A killer combination of plants - roasted butternut squash, red peppers, garlic and a sprinkling of herbs on two slices of thick wholegrain seedy bread.

Dinner, Lunch

Overall rating | 1 Rating

Butternut squash & feta open sandwich


Serves 1-2

2 slices of thick wholegrain seedy bread 2 tbsp extra virgin olive oil 2 garlic cloves, peeled 250g butternut squash, cubed (pre-chopped from the shop works!) 2 tsp dried oregano 1 tsp dried sage 60g roasted red peppers 35g feta cheese 4 tbsp thick Greek / live yoghurt 20g mixed salad leaves 1 tsp balsamic vinegar Pinch of salt and pepper to taste A handful of mixed seeds


Step 1

Preheat the oven to 180°C / 350°F and line a baking tray with foil.

Step 2

Add the cubed squash and whole peeled garlic cloves and then drizzle over the extra virgin olive oil and dried herbs.

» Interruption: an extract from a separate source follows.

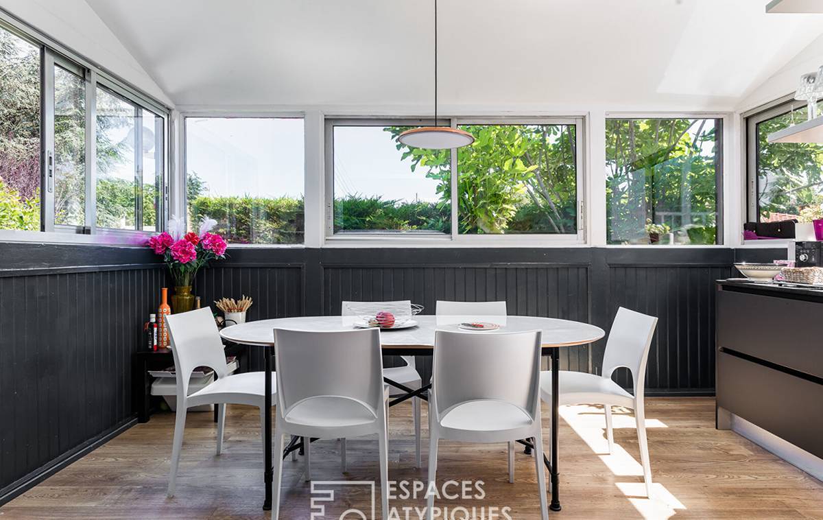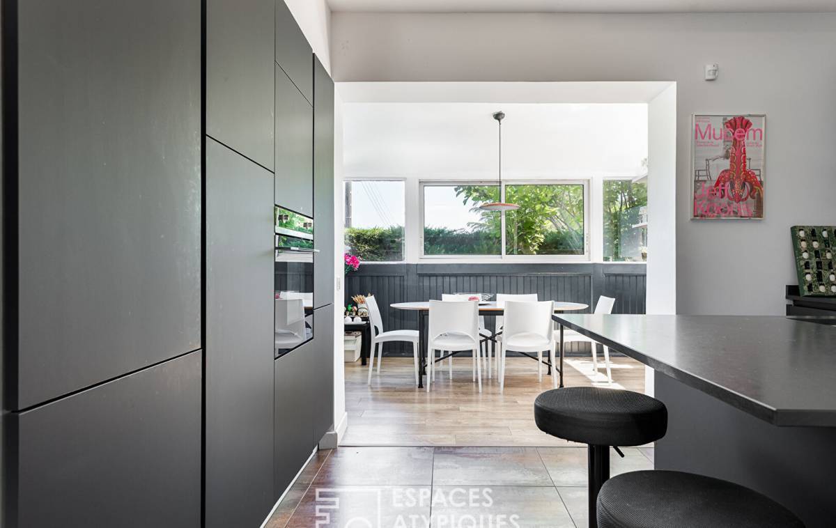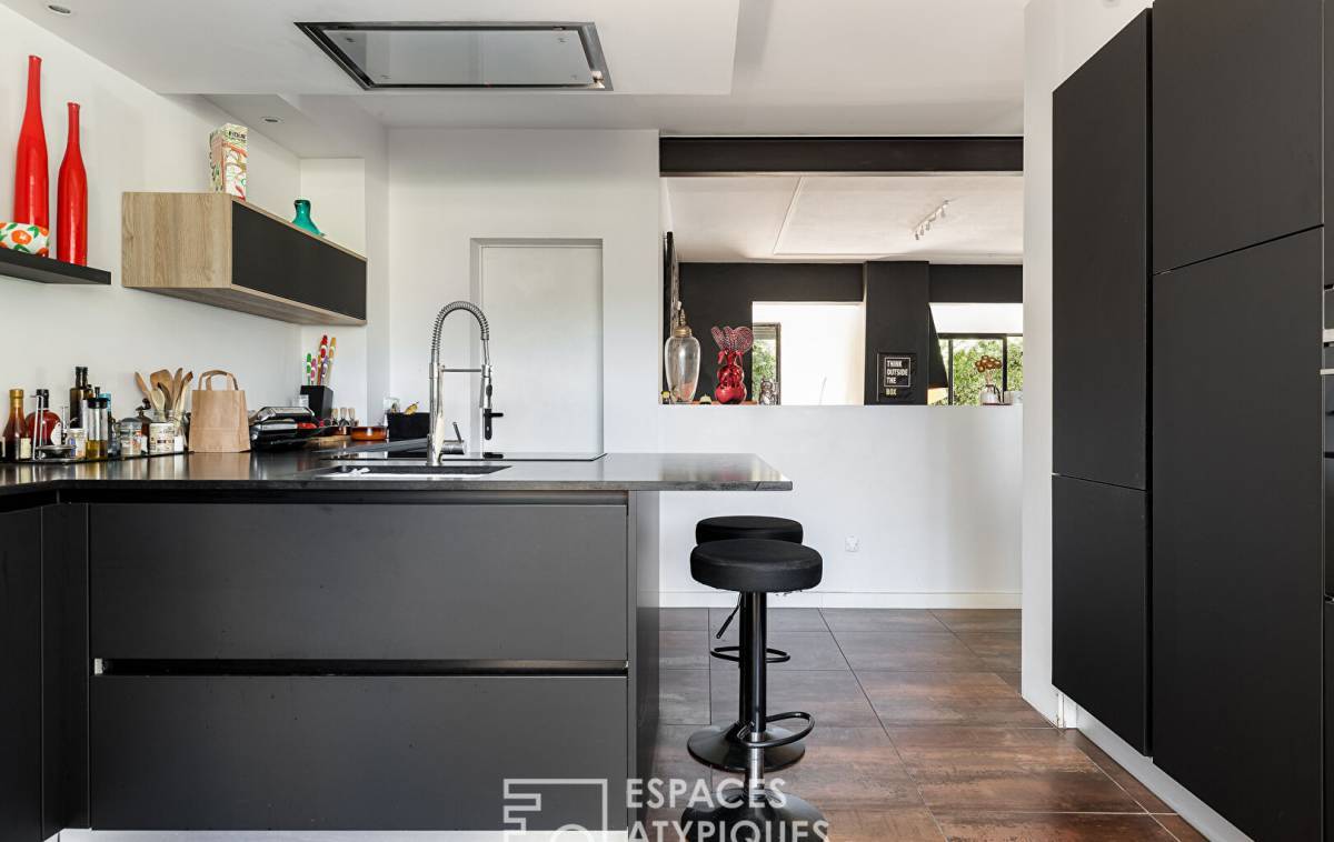 Located in the heart of Balma, in a quiet setting, this decidedly atypical house offers 204sqm of living space, built on a 537sqm plot. Designed to offer comfort, functionality, and aesthetics. From the entrance, the flow flows naturally into a beautiful living room where the volumes are optimized. Light generously flows through the space thanks to large openings opening directly onto the garden. The open kitchen, perfectly integrated, extends the reception area, creating a welcoming place for everyday life. The sleeping area consists of five bedrooms spread between the ground floor and the upper floor, allowing for a true separation of spaces and preserved privacy. A master bedroom, on the ground floor, has its own bathroom and dressing room. Bold color choices in the bathrooms and bedrooms bring a strong identity to each volume, without ever weighing down the overall effect. Outside, a private, wooded garden features a swimming pool elegantly integrated into the vegetation. A wooden deck surrounds the pool, providing an ideal relaxation area for sunny days. The property also benefits from several additional spaces that can be used as an office, dressing room, or leisure area depending on needs. A garage completes the property. The finishes are meticulous, the materials are tastefully chosen, and the whole exudes a warm and contemporary atmosphere. This house will appeal to families seeking peace and comfort, as well as lovers of unique places wishing to settle in a neat and confidential setting, close to amenities. Balma Church and metro line A are 5 minutes away. Access to the ring road and highway is 5 minutes away. Close to schools, middle schools, and high schools. Information on the risks to which this property is exposed is available on the Géorisques website Commercial agent: Louis BEILLARD - EI - RSAC number 849 902 267- 06 71 39 13 83

Roast for 20-25 minutes until both are soft and golden. Allow to cool for 10 mins.

Step 3

Blend the roasted garlic with the feta and yoghurt in a food processor. Pulse a few times until combined, so it’s spreadable but still has some texture.

Step 4

Load up the sandwich: spread a layer of the feta mix onto the bread (toasted if you like). Top with a handful of rocket, balsamic, a large spoonful of roasted butternut squash, the roasted red peppers and a sprinkle of mixed seeds.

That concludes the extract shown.